Is endoscopic paravascular injection of sclerosing agents reasonable in the control of GI bleeding?

BACKGROUND: The pharmacologic response and microvascular effects associated with the endoscopic injection of sclerosing agents around vessels (paravascular injection) to stop bleeding from the digestive tract remain to be clarified. METHODS: Using in vivo microscopy, we directly visualized submucosal microvessels of the rat stomach and intestine. We studied differences among sclerosing agents in thrombus formation and vascular diameter change that occur through a pharmacologic response and/or local compression after topical application or paravascular injection of the agents. RESULTS: Except for absolute ethanol, topical application of the agents did not cause constriction or thrombi in either arterioles or venules. Polidocanol topical application and paravascular injection significantly dilated arterioles.

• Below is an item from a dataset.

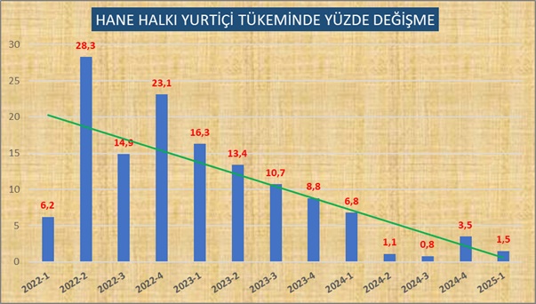 Enflasyonun gerilemesine hane halkı talebinde düşme neden oldu. Aşağıdaki grafikte çeyrekler itibariyle hane halkı tüketiminde artış hızı son yılda yüzde birler seviyesine düştü.
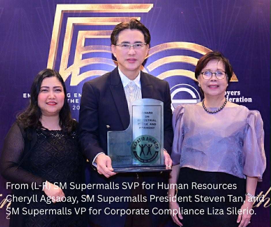 SM Supermalls was honored at the 2025 Kapatiran sa Industriya (Kapatid) Awards of the Employers Confederation of the Philippines (ECOP), held on July 30 at the historic Manila Hotel.

Injecting ethanolamine oleate near venules constricted them the longest and most effectively, but vasoconstriction in arterioles was transient. Injecting absolute ethanol formed long-lasting thrombi and caused vasoconstriction in venules, but arteriole thrombi persisted no more than 3 minutes. The vascular response to thrombin did not significantly differ from that to physiologic saline. CONCLUSION: The paravascular injection of ethanolamine oleate, because of its long-lasting vasoconstriction, or of absolute ethanol, because of its thrombogenic effect, is a valid therapeutic approach to treating venous bleeding. The efficacy of paravascular injection of sclerosing agents for treating acute arterial bleeding, however, is not supported in this experimental model.[1]

References

  1. Is endoscopic paravascular injection of sclerosing agents reasonable in the control of GI bleeding? Tatemichi, M., Nagata, H., Sekizuka, E., Morishita, T., Mizuki, A., Ishii, H. Gastrointest. Endosc. (1999) [Pubmed]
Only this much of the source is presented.